# New Closed Ended Real Ivory Pen



## timcbs (Mar 23, 2010)

Hi All,

Here is the latest pen of the week, It is a double closed ended with hidden clip fountain Pen, This is the first time trying this with Ivory, I just wanted to make sure I did not screw this one up, over 100.00 worth of Ivory. but it came out super nice.

All comments are welcome.


----------



## maxman400 (Mar 23, 2010)

WOW, That is SUPER NICE, Extra SUPER NICE.


----------



## CaptG (Mar 23, 2010)

Awesome work.  I like it a lot.


----------



## mbroberg (Mar 23, 2010)

Super nice is an understatement.  It screams sophistication and class!!  Well done.


----------



## altaciii (Mar 23, 2010)

Very nice.  I love working with ivory and can understand the nerves involved about screwing it up.  Simple but very elegant.  Great looking pen.


----------



## Phunky_2003 (Mar 23, 2010)

Very elegant, thats a beautiful pen.


----------



## Ligget (Mar 23, 2010)

That is a real beauty, very classy!


----------



## louisbry (Mar 24, 2010)

Very nicely done and very deserving of the extraordinary blank.


----------



## RAdams (Mar 24, 2010)

Not very often do i see a pen that makes me JEALOUS... 


I AM JEALOUS! amazing pen!


----------



## Jim15 (Mar 24, 2010)

Awesome pen, the hidden clip look great.


----------



## Mrs Rojo22 (Mar 24, 2010)

Nice!

Robin


----------



## fernhills (Mar 24, 2010)

Wow.   Carl


----------



## PenMan1 (Mar 24, 2010)

WOW! Nice use of the material to hide the eliminate the centerband and the clip looks just right, as well. Nicely done!


----------



## timcbs (Mar 24, 2010)

Thanks everyone for all of the positive comments!!!


----------



## ldb2000 (Mar 24, 2010)

Great job Tim . That has a very nice vintage look to it , you got the shape perfect .


----------



## Russianwolf (Mar 24, 2010)

They say the sincerest form of flattery is imitation, but in my opinion it's when someone says "I wouldn't mind buying that".

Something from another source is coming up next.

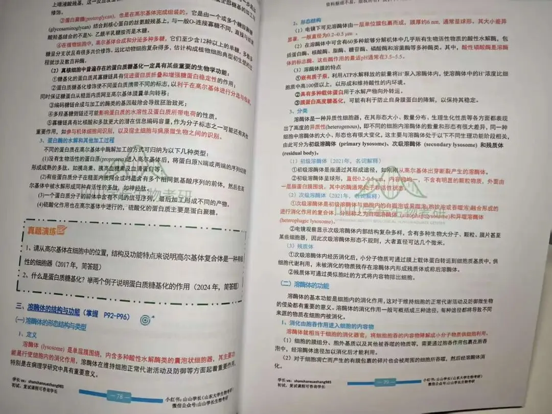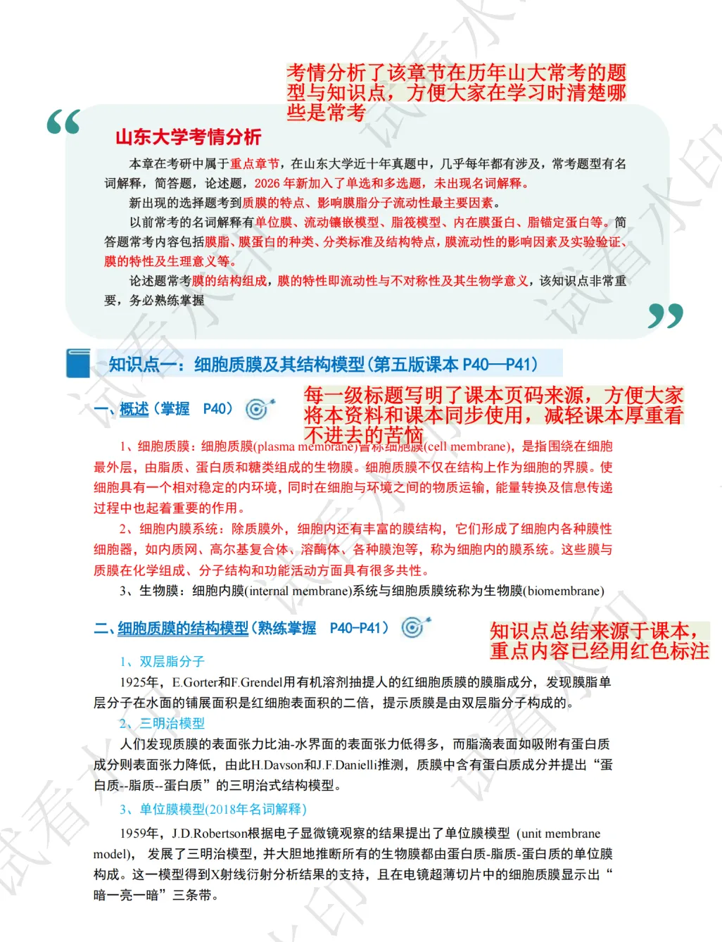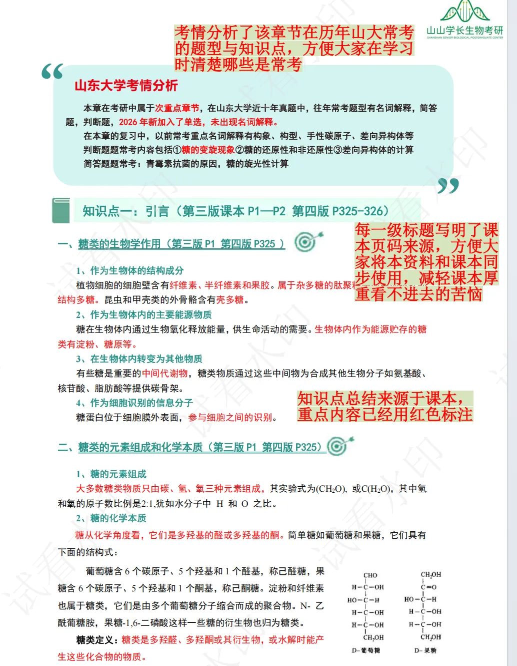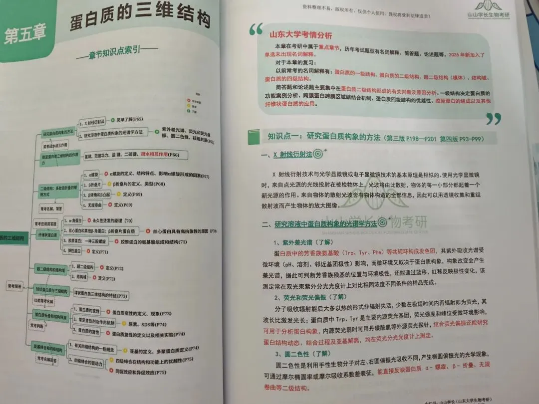 1、参考的书像砖头一样厚重、不知道该看哪些、看不完等等;2、买的各种资料质量参差不齐,全是文字没有图片(个人觉得一轮学习必须要图文结合,没有图的资料只适合后期背诵使用),不知道如何下手使用;3、不知道考试侧重点,也不清楚每一个知识点怎么考,该怎么学等等以上问题也是我们在整理资料考虑到的,因此,我们资料是对课本内容的一个详细整理,文字和图片结合,每个章节明确了山东大学考情分析,每个知识点后面添加该知识点近些年真题题目历时五个月的时间,我们整理的27山东大学生物考研专版知识宝典在四月中旬已经全面上架,知识宝典也是目前市面上唯一的山东大学生物考研的专版知识点笔记资料!! 该资料应该是山东大学生物考研er人手必备的资料,一份好的资料可以达到事半功倍的学习效果!!!(文末附价格与购买途径)所谓的专版资料指使用山大推荐教材内容详细进行整理,所有内容都是根据山东大学考纲以及考情进行整理,每个章节添加山大考情分析,每个知识点后面添加该知识点近几年考过的真题等等,下文会详细介绍该资料内容非常全面,适合大家一轮学习使用和后期背诵使用- 该知识点笔记是一个详细的知识点总结,可以使用知识点笔记和网课进行学习,并在资料上做好笔记;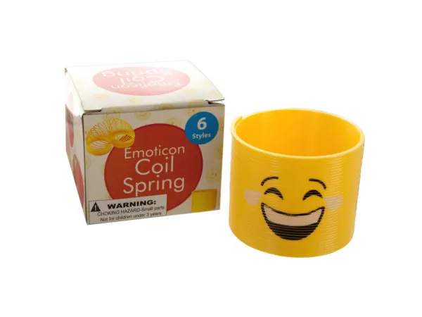 Emoticon Coil Spring Emoticon Coil Spring Provide hours of fun for children and adults with this Emoticon Coil Spring featuring a classic spring toy made of yellow plastic with the design of commonly used keyboard expressions. Learn tricks and amaze friends! Makes a great party favor and stocking stuffer. Measures approximately 2.5" long x 3" in diameter when stacked. Coil comes in 6 assorted styles. Comes packaged in an individual box. Box measures approximately 3" x 3" x 2.625".

I honestly wouldn't mind buying that.


----------



## lazyguy (Mar 24, 2010)

That is simply spectacular. If you don't mind me asking where did the ivory come from?


----------



## Rfturner (Mar 24, 2010)

*Ivory pen*

That has a very simple yet sophistacated appearance. I am certain that who ever purchases that pen will be very pleased. The lack of a center band looks great it reminds me of early fountain pens


----------



## 65GTMustang (Mar 24, 2010)

Love IT !!!!
I really like the hidden clip.
Where would I look to find ivory to try one for myself.
I would also love to know how you did the hidden clip with the closed in pen.
Are the how toos posted somewhere in the forum.
I am new to the membership and still learning where to find info.
Thanks
SUPER PEN!!!


----------



## Russianwolf (Mar 24, 2010)

Not saying this is where he got his, but here is one source for us Stateside.

http://www.elephantivorytusks.com/penblanks.html


----------



## cnirenberg (Mar 24, 2010)

Tim,
What a beauty.  Great job, I like that a lot.


----------



## glycerine (Mar 24, 2010)

Cool!!!!!


----------



## timcbs (Mar 24, 2010)

Got the Ivory from: http://www.ivorybuyer.com/sales/turning.htm Cap was made from .750 stock and the body was .625


----------



## JBCustomPens (Mar 24, 2010)

Very classy! Nice pen.


----------



## johnnycnc (Mar 24, 2010)

Beautiful work, Tim!
I would have the shakes on that much money in real ivory,
you obviously did not.
I like the execution of your design.


----------



## Rifleman1776 (Mar 27, 2010)

*extremly elegant*

Yes, extremely elegant. And, very well done. I don't think my nerves could handle that. Are you going to keep it or sell?
Did you put a finish or other protective finish on the ivory?


----------



## DotDoc (Mar 27, 2010)

Nothing more than a work of art...great looking pen


----------



## johncrane (Mar 27, 2010)

Tim!
Your work and finished pen looks fantastic, first class all the way, i also think that clip is one of the best out there and looks great with the ivory, this  is a keeper for sure.:biggrin: well done!:wink:


----------



## wizard (Mar 27, 2010)

That is a beautiful pen! I would love to learn to make something that gorgeous. You are truly talented. Best Wishes, Wizard


----------



## timcbs (Mar 28, 2010)

I am looking to sell it and the Finnish I used was CA instead of lacquer, should last longer...


----------



## Ankrom Exotics (Mar 28, 2010)

That pen is sweet..... nice job all around.


----------



## greggas (Mar 28, 2010)

Nice Job;

I have a similar order ahead of me for three in Ivory...It cost me $ 120 a blank...what , if you do not mind me asking, did you charge for this?

thanks


----------



## timcbs (Mar 28, 2010)

I have not sold it yet, I was looking to get 795.00 for it, lots of craftsmanship in this one...


----------